Transcribe only the lines in the data below falling between the line with "橙色の鮮やかな色調に古典柄が" and the line with "Uma moderna neve", including those two lines, and leave out any picture.

▶ SOURCE DATA

------------

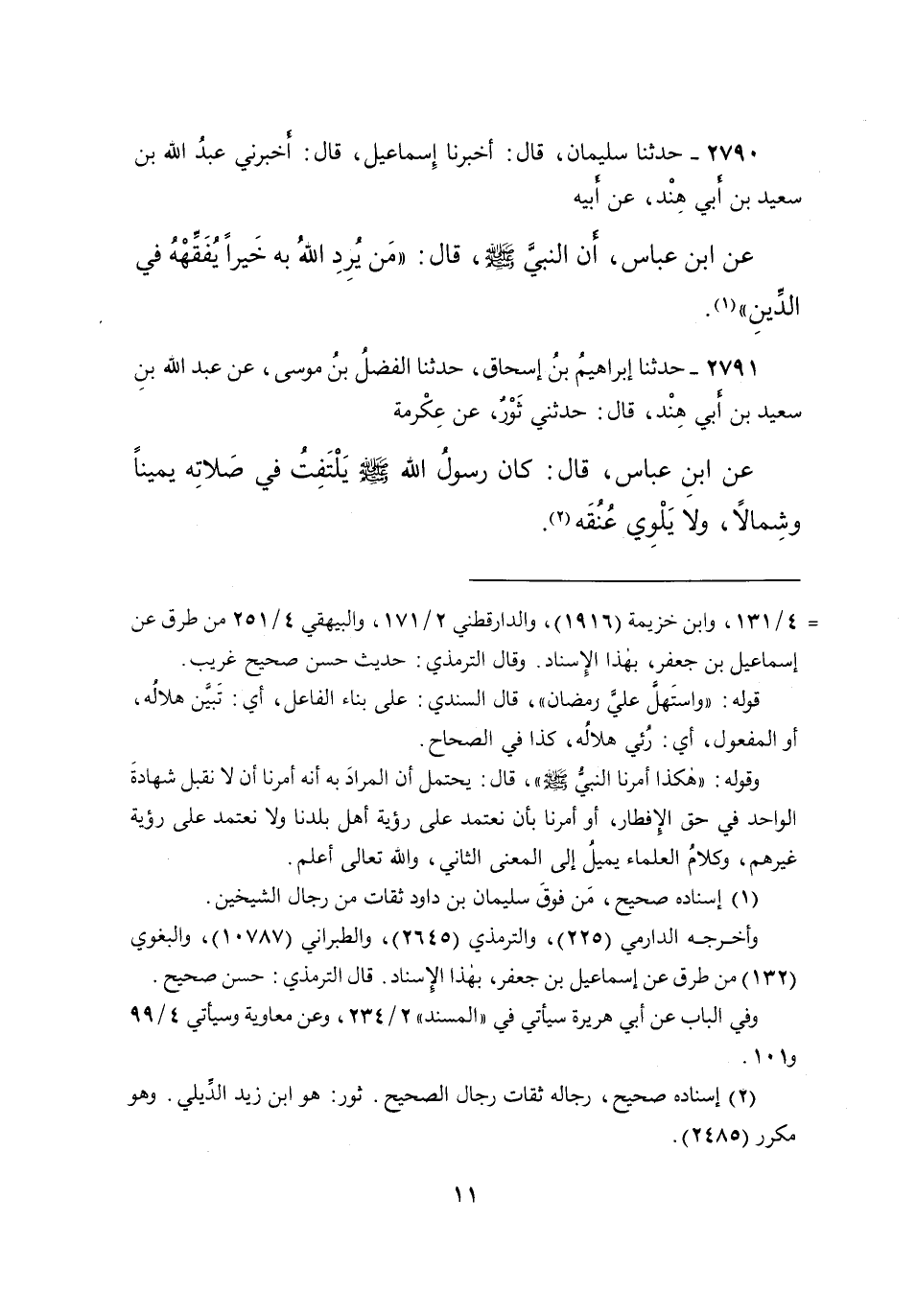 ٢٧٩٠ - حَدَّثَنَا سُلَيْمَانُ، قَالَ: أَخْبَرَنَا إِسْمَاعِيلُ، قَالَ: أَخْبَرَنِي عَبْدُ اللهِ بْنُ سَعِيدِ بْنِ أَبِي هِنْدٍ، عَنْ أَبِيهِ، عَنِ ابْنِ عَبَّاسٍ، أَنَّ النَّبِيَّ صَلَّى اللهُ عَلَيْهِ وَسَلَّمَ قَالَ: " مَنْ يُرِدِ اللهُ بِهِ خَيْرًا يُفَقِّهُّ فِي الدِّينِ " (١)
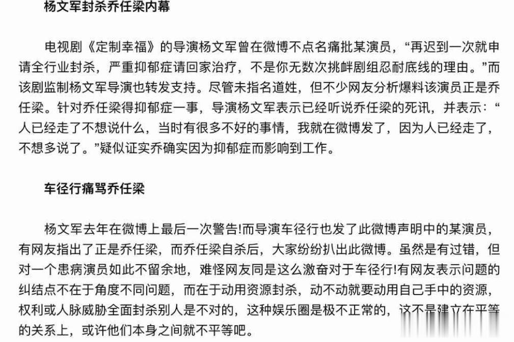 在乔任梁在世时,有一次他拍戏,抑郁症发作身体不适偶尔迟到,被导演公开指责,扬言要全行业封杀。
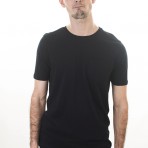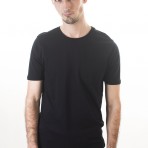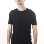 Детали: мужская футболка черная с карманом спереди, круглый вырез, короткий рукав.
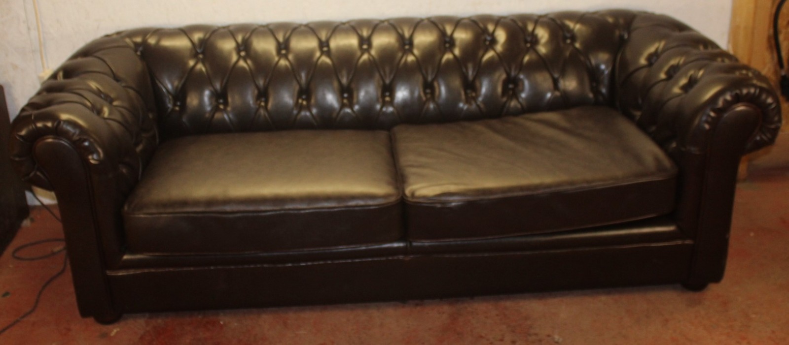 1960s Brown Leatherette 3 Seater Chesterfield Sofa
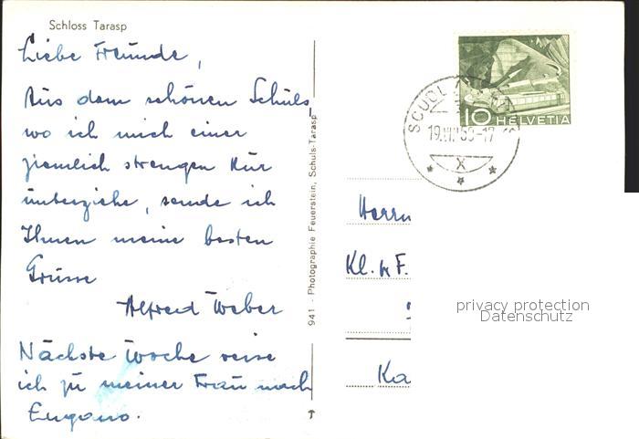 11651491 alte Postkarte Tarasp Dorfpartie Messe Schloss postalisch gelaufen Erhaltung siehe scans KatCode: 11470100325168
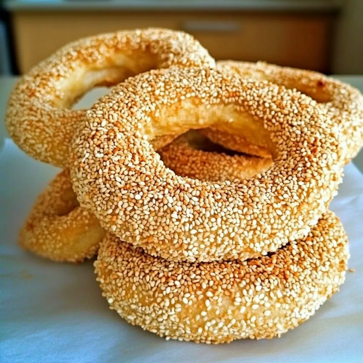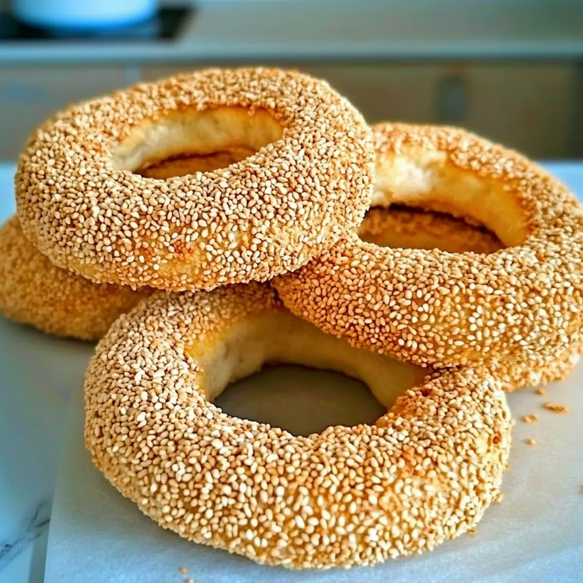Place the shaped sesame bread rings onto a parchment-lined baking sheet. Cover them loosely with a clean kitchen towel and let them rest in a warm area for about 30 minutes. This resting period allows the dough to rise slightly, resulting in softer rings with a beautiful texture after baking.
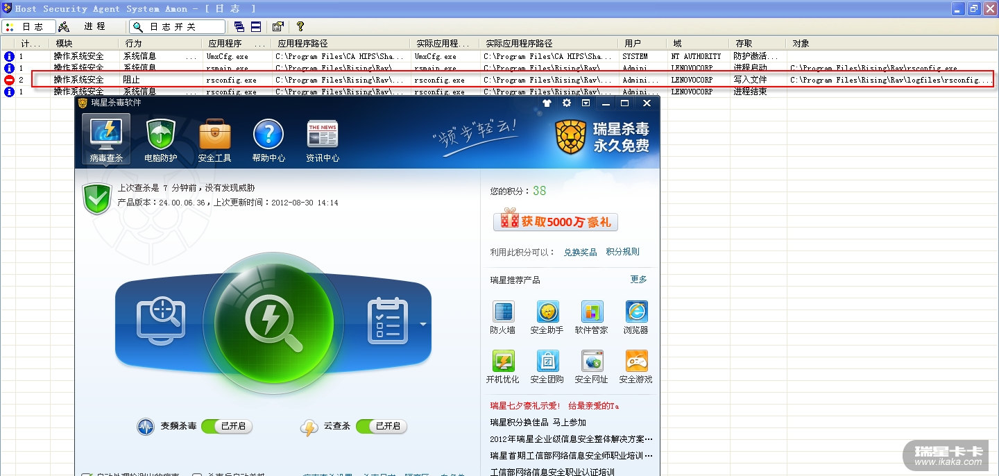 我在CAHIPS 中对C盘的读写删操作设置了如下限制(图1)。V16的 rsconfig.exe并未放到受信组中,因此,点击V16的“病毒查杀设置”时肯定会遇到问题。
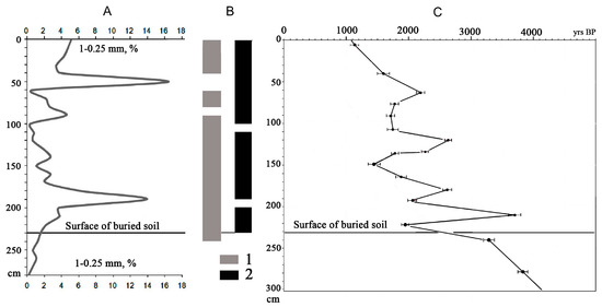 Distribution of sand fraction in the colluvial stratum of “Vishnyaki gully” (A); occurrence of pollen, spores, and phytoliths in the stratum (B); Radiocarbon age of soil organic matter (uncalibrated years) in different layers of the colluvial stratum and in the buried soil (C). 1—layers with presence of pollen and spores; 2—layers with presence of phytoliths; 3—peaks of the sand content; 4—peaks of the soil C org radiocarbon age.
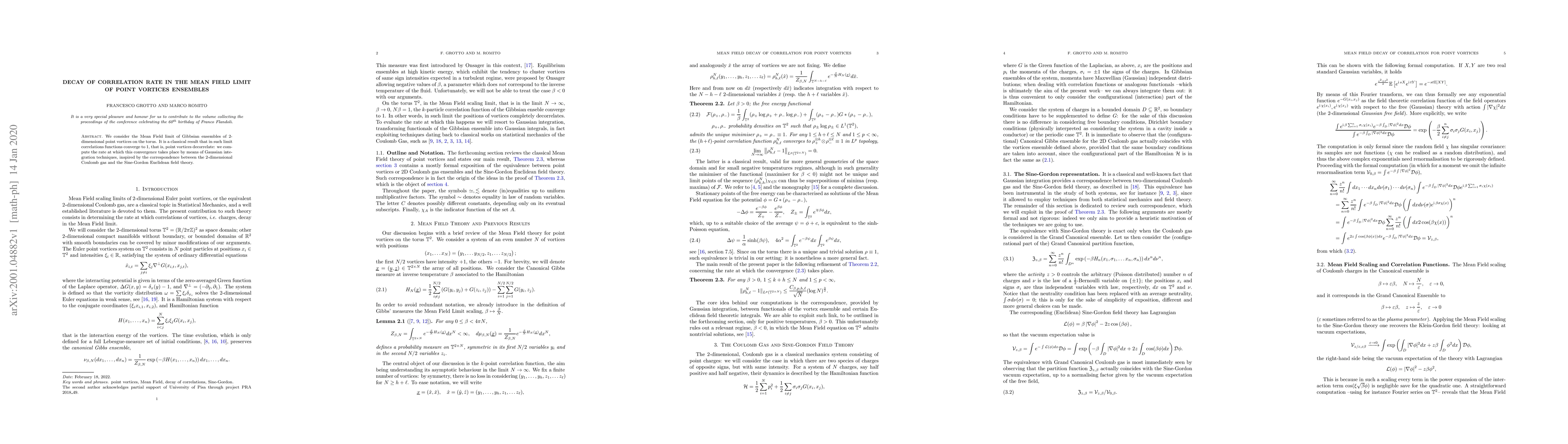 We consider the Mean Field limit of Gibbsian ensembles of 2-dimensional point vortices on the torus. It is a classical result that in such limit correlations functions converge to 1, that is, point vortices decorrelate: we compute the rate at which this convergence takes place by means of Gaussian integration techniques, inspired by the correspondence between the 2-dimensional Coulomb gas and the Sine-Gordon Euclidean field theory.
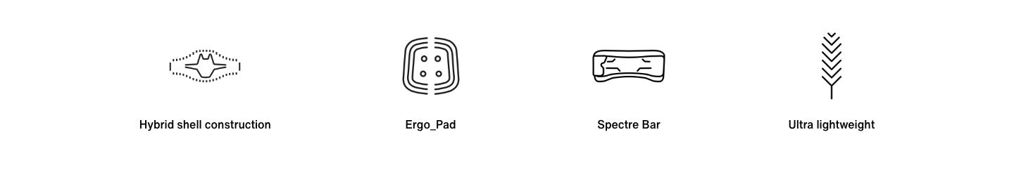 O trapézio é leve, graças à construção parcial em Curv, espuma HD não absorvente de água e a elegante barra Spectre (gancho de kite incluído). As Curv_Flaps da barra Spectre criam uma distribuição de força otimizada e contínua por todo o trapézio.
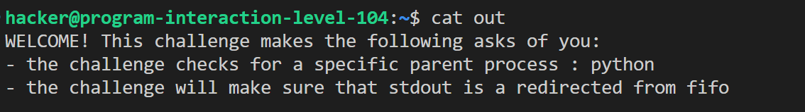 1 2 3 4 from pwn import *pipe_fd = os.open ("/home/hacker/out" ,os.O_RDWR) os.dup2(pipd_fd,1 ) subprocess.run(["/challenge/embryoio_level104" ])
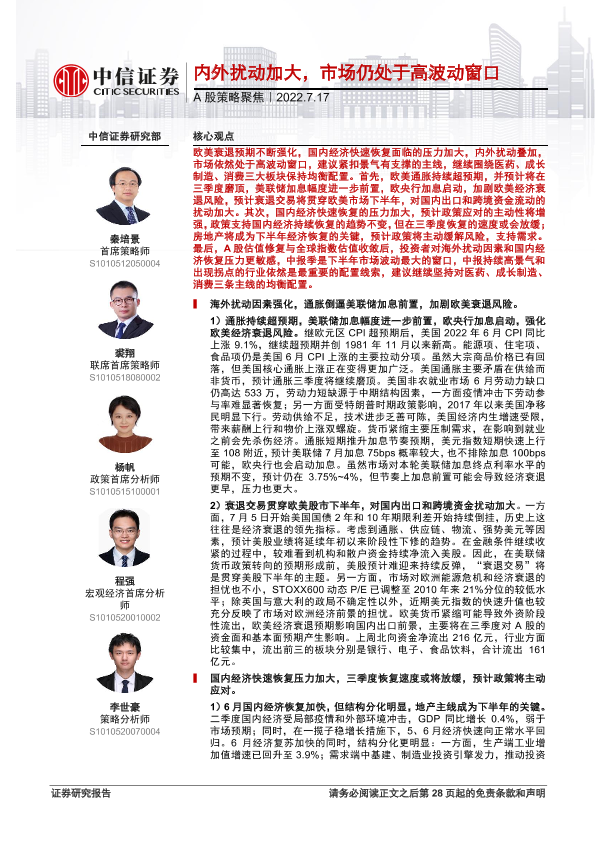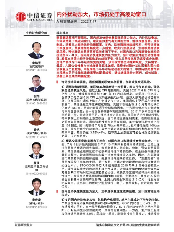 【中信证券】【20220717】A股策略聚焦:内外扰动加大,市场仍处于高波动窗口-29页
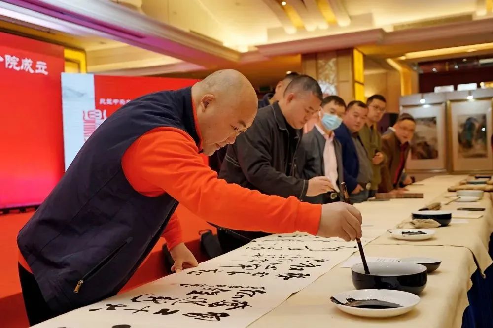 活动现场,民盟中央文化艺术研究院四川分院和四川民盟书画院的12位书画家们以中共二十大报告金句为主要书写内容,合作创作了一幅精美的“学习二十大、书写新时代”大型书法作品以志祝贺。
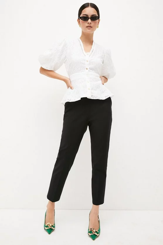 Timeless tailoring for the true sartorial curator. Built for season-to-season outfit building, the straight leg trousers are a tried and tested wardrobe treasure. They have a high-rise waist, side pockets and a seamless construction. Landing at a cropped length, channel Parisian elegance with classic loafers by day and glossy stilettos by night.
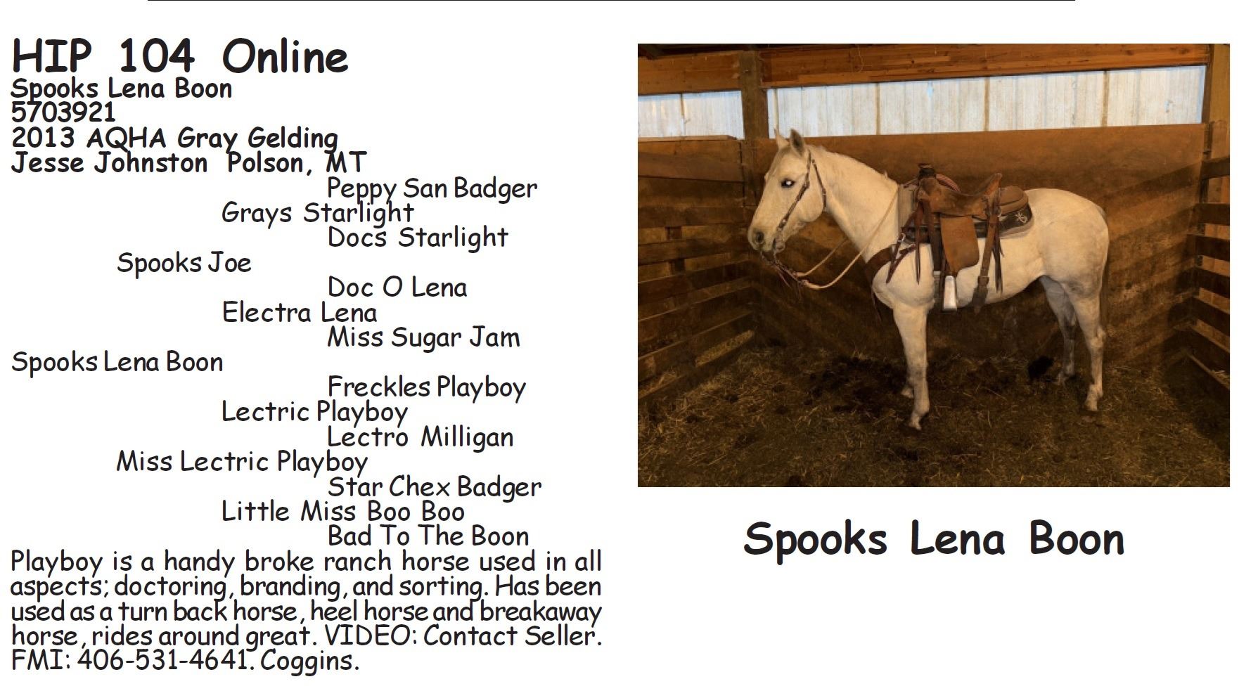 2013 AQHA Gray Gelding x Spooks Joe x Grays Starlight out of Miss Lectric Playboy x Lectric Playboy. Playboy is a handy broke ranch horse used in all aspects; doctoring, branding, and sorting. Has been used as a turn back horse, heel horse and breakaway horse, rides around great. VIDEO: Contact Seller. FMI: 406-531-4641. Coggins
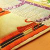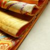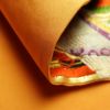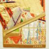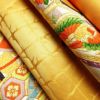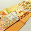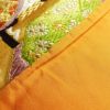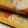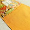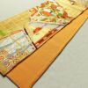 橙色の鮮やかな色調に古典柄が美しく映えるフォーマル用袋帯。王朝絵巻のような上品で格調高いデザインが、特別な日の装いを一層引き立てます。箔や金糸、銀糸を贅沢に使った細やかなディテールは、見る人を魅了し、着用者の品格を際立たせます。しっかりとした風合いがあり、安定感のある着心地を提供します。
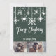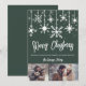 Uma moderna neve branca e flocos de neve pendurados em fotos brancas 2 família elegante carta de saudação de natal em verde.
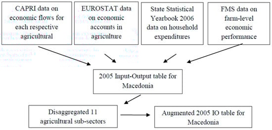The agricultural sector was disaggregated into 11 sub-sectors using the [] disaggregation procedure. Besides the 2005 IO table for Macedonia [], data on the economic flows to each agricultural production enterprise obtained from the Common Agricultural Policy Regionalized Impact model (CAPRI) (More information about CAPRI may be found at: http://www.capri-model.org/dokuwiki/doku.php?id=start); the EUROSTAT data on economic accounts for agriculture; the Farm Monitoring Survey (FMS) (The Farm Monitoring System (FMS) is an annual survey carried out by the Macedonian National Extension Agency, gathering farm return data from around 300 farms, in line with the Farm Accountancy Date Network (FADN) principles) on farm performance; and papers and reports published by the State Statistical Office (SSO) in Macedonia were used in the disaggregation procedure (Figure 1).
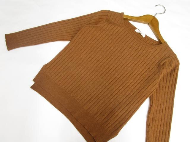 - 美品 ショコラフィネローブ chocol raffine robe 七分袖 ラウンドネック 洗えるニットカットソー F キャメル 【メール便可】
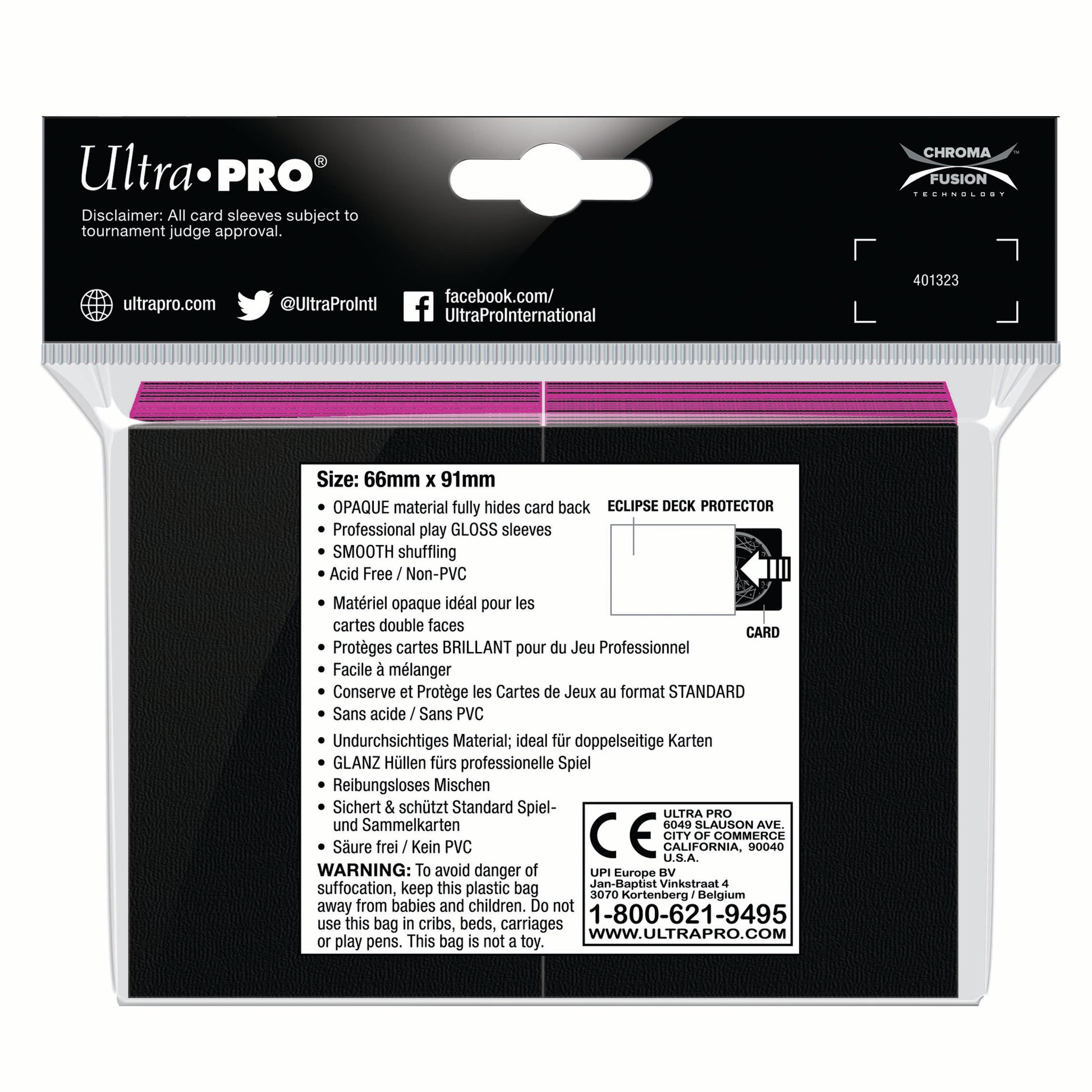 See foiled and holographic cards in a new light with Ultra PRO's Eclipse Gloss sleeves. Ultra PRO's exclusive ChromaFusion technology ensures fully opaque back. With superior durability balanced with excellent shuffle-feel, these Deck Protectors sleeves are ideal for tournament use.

------------

▶ WRITTEN ANSWER
 橙色の鮮やかな色調に古典柄が美しく映えるフォーマル用袋帯。王朝絵巻のような上品で格調高いデザインが、特別な日の装いを一層引き立てます。箔や金糸、銀糸を贅沢に使った細やかなディテールは、見る人を魅了し、着用者の品格を際立たせます。しっかりとした風合いがあり、安定感のある着心地を提供します。
 Uma moderna neve branca e flocos de neve pendurados em fotos brancas 2 família elegante carta de saudação de natal em verde.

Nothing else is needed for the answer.